One important component (grey) is both specific for Austronesian-speaking populations and highly frequent across ISEA (Fig. S9). It reaches 60–70 % in the two aboriginal Taiwanese groups in the sample—the equivalent cluster in Pan-Asian SNP data approaches 100 % (Abdulla et al. 2009)—peaking in our dataset in the Philippines, Sumatra and Sulawesi (70–90 %), and is virtually absent from Continental Asia, suggesting an insular origin. Comparison between the analyses with five and ten ancestral populations also suggests that this was part of the larger Southeast Asian component in the former. Considering the major postglacial signal observed in mtDNA and Y-chromosome variation in both our founder analysis and in earlier analyses (Hill et al. 2007; Karafet et al. 2010; Soares et al. 2008, 2011; Trejaut et al. 2014), and the sharing of many lineages between ISEA and Taiwan (Soares et al. 2008, 2011), this autosomal component may correspond to an ancestral cluster common to both Taiwan and ISEA that was established before the hypothetical dispersal of Austronesian. Even if we consider that there is likely a signal of Austronesian expansion “out-of-Taiwan” in the genome-wide data (see below), this component, which is most frequent in Taiwan, the Philippines, the Mentawai Islands and Sulawesi, disparate islands at opposite extremes of the Sunda shelf, could explain why a maximum likelihood population tree of the Pan-Asian SNP data indicated Taiwan as an offshoot of ISEA diversity (Abdulla et al. 2009). Such population trees only depict broad patterns and, although a minor component could show an ancestry in Taiwan when compared with ISEA, the most frequent component could show the overall opposite ancestry.

Two autosomal components that might signal Neolithic dispersals can be compared with the patterns obtained from Neolithic founder candidates in the mtDNA analysis. One of these components (paler green in Fig. 3b) is frequent in MSEA/Southwest China (up to ~70 %) and varies from 5 to 40 % in Indonesia (Fig. 2d), but is absent from Taiwan and rare in the Philippines. It is probably a relatively recent arrival as it is not evenly distributed across ISEA. The MSEA Neolithic candidates in the mtDNA also show a strong peak of frequency in MSEA and frequencies of 5–30 % in Indonesia, but are rare in the Philippines and Taiwan (Fig. 2c). We can also match these distributions with the presence of basket-marked and carved paddle-impressed pottery: in Sarawak, assemblages at ~4.5 ka with carved cord-wrapped or basketry-wrapped paddle-impressed pottery (Bellwood 1997; Bulbeck 2008) show the influence of an early Neolithic from MSEA in Western Indonesia.
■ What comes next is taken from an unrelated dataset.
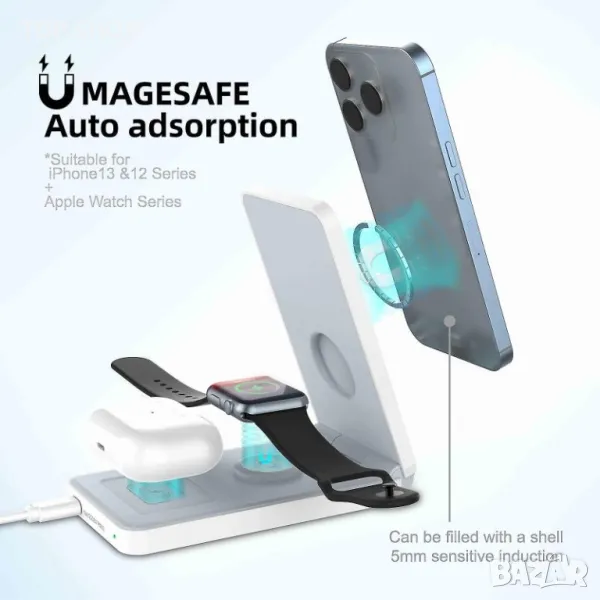Безопасно бързо зареждане Дизайн на безжично зарядно устройство за бързо зареждане. Със защита от свръхток, свръхнапрежение, свръхтемпература, защита от късо съединение, както и функция за откриване на чужд обект, той може да предотврати повреда от презареждане на батерията на оборудването. Освен това основата на зарядното устройство е оборудвана с масивни отвори за разсейване на топлината, за да се осигури безопасно зареждане на устройството

The final component (dark blue in Fig. 3b) has a high frequency in South China (Fig. 2b) and is also seen in Taiwan at ~25–30 %, in the Philippines at ~20–30 % (except in one location which is almost zero) and across Indonesia/Malaysia at 1–10 %, declining overall from Taiwan within Austronesian-speaking populations. The mtDNA candidates for “out-of-Taiwan” markers (Fig. 2a) also show an overall frequency of up to ~35 % in Taiwan and the Philippines, but are almost absent in parts of Borneo, Java and Eastern Indonesia. Sumatra superficially presents a more discordant picture between genome-wide and mtDNA results, but the sampling of the Pan-Asian SNP dataset involves only Batak people whilst our mtDNA sampling involved the wider Sumatran population. We should also bear in mind that the genome-wide sampling lacks major areas of ISEA, including the whole of Borneo.
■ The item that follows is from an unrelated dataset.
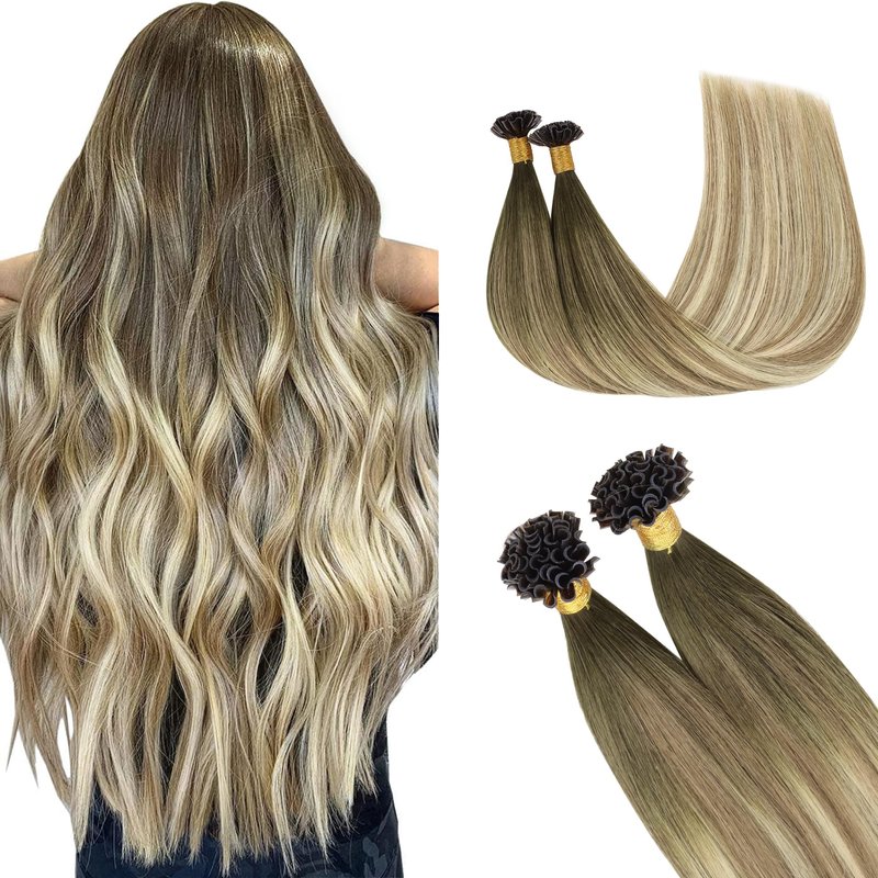 GOO GOO U Tip Hair Extensions Real Human Hair, 22inch 50g 50S, Hot Fusion U Tip Hair Extensions, Invisible Remy Hair Extensions, 3/8/613 Balayage Walnut Brown to Ash Brown and Bleach Blonde

Therefore, the overall picture from the ADMIXTURE analysis with 10 ancestral populations where the cross-validation error was the lowest, is concordant with the mtDNA and Y-chromosome pattern, with a minor Neolithic input from MSEA, probably immediately preceding a Neolithic input from Taiwan (Anderson 2005) that had a strong demographic impact in the Philippines, but a much more minor genetic input elsewhere in the Indo-Malaysian Archipelago.

Confirmation with whole-mtDNA genome data

Although providing much larger sample sizes, the low phylogenetic resolution of mtDNA HVS-I data can create problems for phylogeographic analyses such as founder analysis, for example by conflating distinct founders. In parallel, we therefore checked the phylogeographic signal with the much better resolved whole-mtDNA genomes for the major “out-of-Taiwan” haplogroup in the founder analysis, M7c3c. In particular, we wished to compare the results for M7c3c with the two putative postglacial signals for haplogroups E and B4a1a (Soares et al. 2008, 2011).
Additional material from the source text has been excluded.